__AIM OF THE TASK__:
Write out the listing below character for character, though without its pictures.

__STORED DATA__:
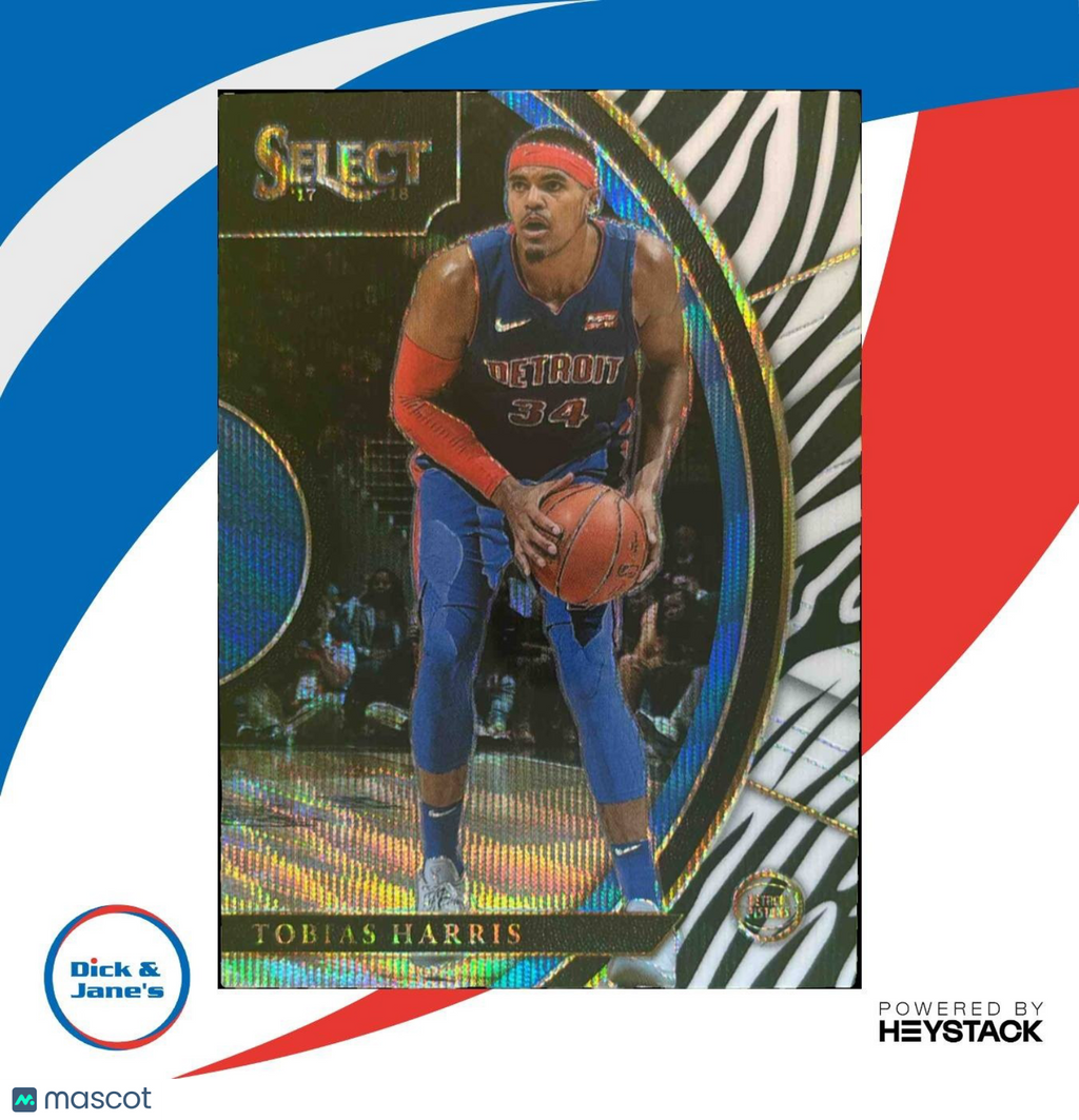 Get your hands on this rare 2017-18 Panini Select Tobias Harris Zebra Prizms #62 Concourse trading card featuring the Detroit Pistons star. Perfect for any NBA collector, this card is highly sought after for its unique design and player rarity. Add it to your collection today! Listed With Mascot.
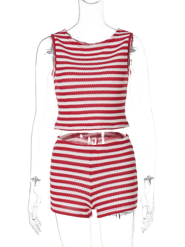 Momyknows Red 2 Pieces Striped Vocation Maternity Outfit
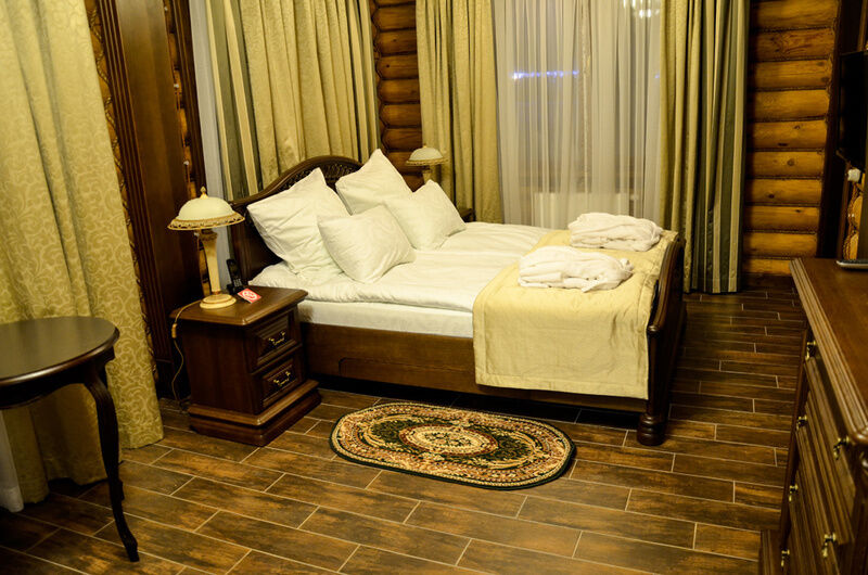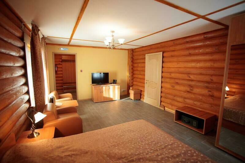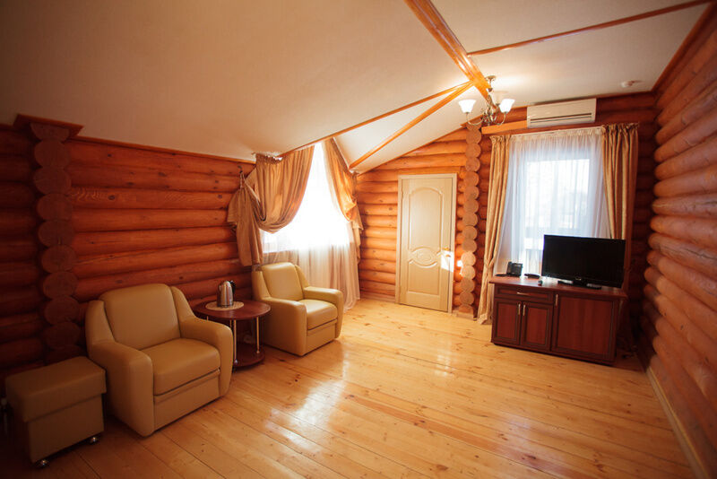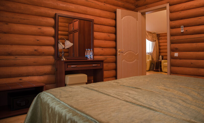 Номер находится на втором этаже двухэтажного срубового дома, вход на второй этаж отдельный с торца здания по лестнице.Номер состоит из двух современно меблированных спален с двуспальными кроватями, уютной гостиной и санузла.

__ANSWER TO THIS PROBLEM__:
 Get your hands on this rare 2017-18 Panini Select Tobias Harris Zebra Prizms #62 Concourse trading card featuring the Detroit Pistons star. Perfect for any NBA collector, this card is highly sought after for its unique design and player rarity. Add it to your collection today! Listed With Mascot.
 Momyknows Red 2 Pieces Striped Vocation Maternity Outfit
 Номер находится на втором этаже двухэтажного срубового дома, вход на второй этаж отдельный с торца здания по лестнице.Номер состоит из двух современно меблированных спален с двуспальными кроватями, уютной гостиной и санузла.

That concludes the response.